The task> After locating the line with "以上で追加ストレージ(NFS)を利用するための設定は完了です。" in the entries below, output it and each following line up to and including the line with "Josef Seibel women's", exactly and without pictures.

Material provided>
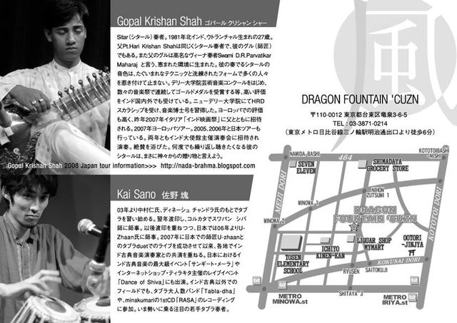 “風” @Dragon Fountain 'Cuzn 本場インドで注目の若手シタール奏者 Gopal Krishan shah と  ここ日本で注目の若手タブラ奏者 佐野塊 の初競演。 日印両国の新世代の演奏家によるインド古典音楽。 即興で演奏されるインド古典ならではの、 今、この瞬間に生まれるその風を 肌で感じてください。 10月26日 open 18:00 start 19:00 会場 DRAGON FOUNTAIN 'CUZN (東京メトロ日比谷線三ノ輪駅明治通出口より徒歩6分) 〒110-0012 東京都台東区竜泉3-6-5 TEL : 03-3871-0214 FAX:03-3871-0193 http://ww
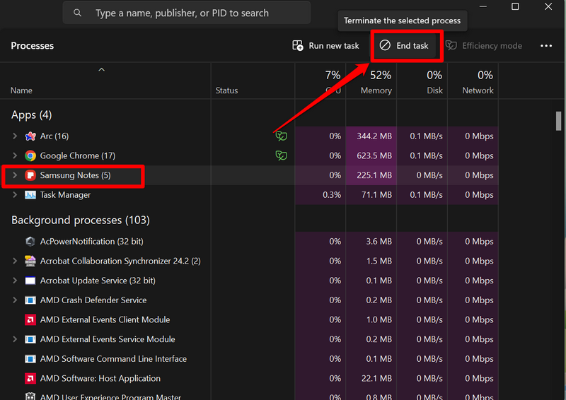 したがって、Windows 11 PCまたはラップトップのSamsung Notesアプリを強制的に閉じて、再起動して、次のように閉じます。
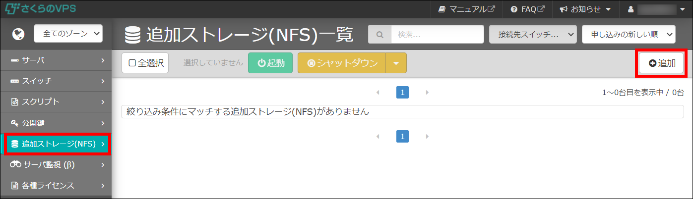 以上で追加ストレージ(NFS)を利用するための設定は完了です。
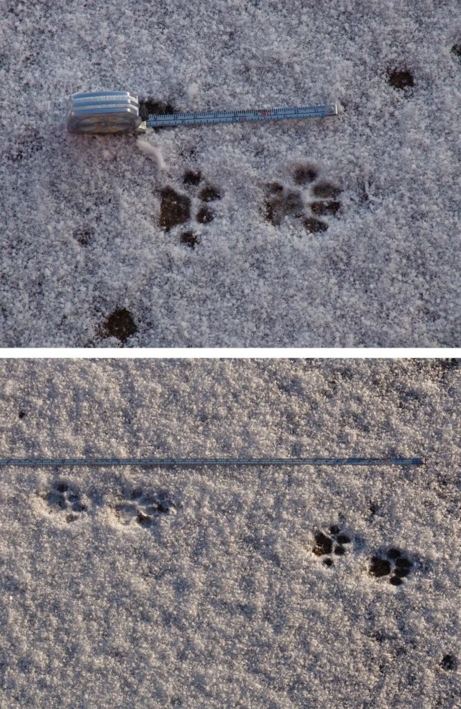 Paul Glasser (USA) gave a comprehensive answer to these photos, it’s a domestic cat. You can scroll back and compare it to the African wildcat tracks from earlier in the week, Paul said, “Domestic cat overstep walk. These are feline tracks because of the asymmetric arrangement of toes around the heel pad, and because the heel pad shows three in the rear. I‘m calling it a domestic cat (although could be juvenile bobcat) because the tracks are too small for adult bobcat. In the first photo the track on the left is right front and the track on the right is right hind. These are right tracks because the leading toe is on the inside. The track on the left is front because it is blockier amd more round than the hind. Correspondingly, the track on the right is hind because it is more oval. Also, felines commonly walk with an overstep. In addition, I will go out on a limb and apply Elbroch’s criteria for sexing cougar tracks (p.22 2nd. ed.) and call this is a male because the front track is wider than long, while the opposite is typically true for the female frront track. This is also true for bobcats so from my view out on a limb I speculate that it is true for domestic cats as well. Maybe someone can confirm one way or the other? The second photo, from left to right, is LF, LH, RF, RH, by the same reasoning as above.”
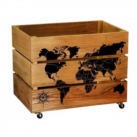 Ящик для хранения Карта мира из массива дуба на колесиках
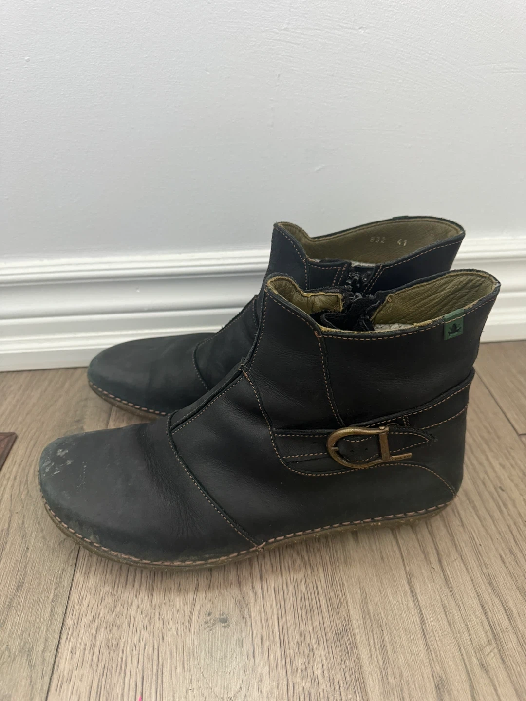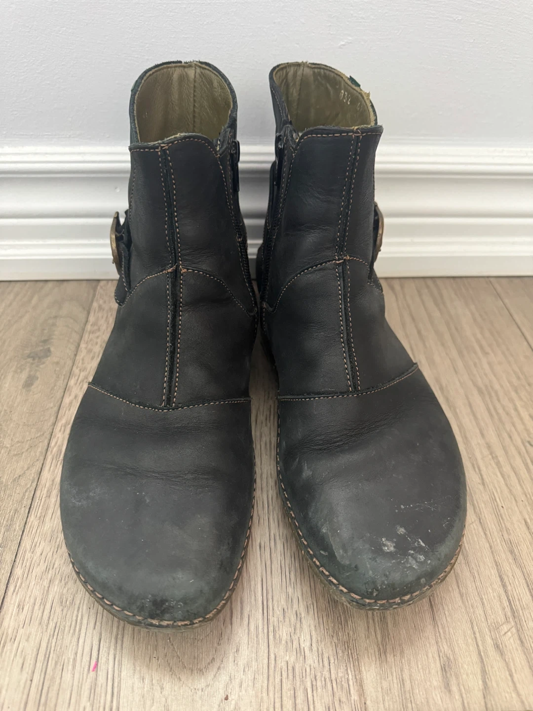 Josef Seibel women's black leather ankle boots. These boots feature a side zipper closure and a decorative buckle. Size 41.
---
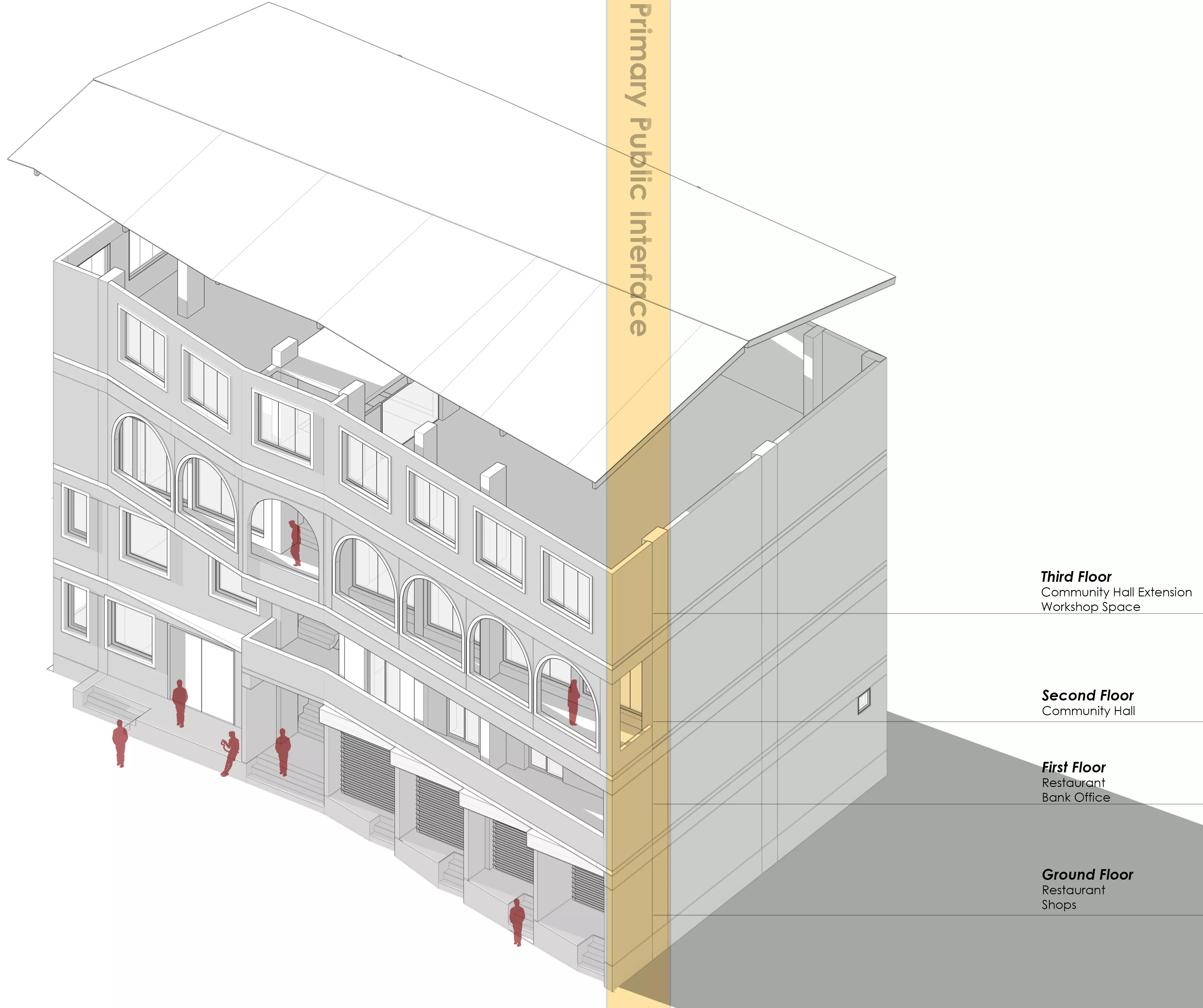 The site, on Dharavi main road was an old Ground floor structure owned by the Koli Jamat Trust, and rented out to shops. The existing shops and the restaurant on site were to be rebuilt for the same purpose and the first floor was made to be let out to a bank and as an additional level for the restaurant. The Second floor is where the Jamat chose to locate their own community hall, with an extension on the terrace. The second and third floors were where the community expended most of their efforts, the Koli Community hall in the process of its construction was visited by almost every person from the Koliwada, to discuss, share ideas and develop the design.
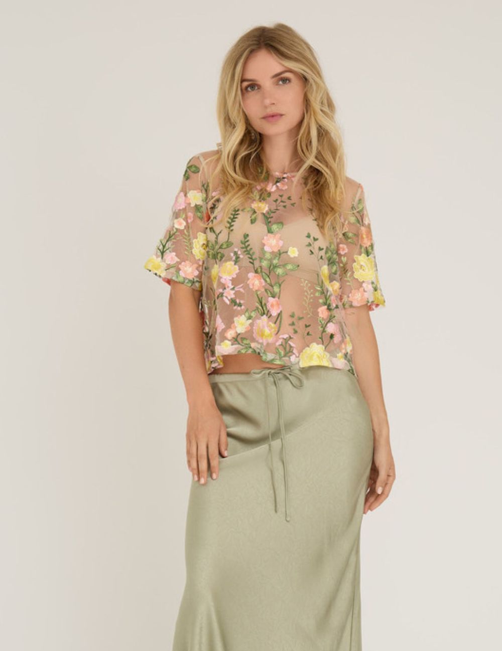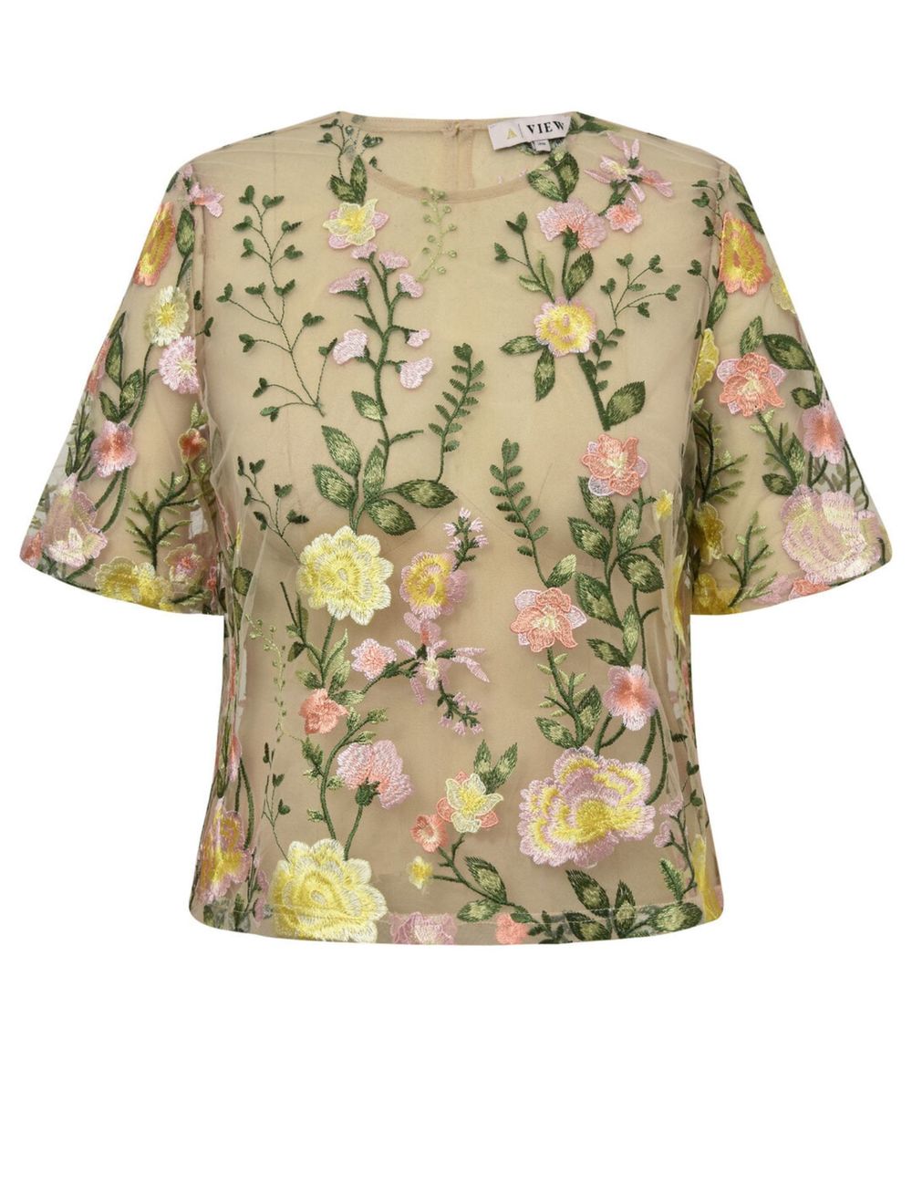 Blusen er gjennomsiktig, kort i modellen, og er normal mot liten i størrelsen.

Task answer>
 以上で追加ストレージ(NFS)を利用するための設定は完了です。
 Paul Glasser (USA) gave a comprehensive answer to these photos, it’s a domestic cat. You can scroll back and compare it to the African wildcat tracks from earlier in the week, Paul said, “Domestic cat overstep walk. These are feline tracks because of the asymmetric arrangement of toes around the heel pad, and because the heel pad shows three in the rear. I‘m calling it a domestic cat (although could be juvenile bobcat) because the tracks are too small for adult bobcat. In the first photo the track on the left is right front and the track on the right is right hind. These are right tracks because the leading toe is on the inside. The track on the left is front because it is blockier amd more round than the hind. Correspondingly, the track on the right is hind because it is more oval. Also, felines commonly walk with an overstep. In addition, I will go out on a limb and apply Elbroch’s criteria for sexing cougar tracks (p.22 2nd. ed.) and call this is a male because the front track is wider than long, while the opposite is typically true for the female frront track. This is also true for bobcats so from my view out on a limb I speculate that it is true for domestic cats as well. Maybe someone can confirm one way or the other? The second photo, from left to right, is LF, LH, RF, RH, by the same reasoning as above.”
 Ящик для хранения Карта мира из массива дуба на колесиках
 Josef Seibel women's black leather ankle boots. These boots feature a side zipper closure and a decorative buckle. Size 41.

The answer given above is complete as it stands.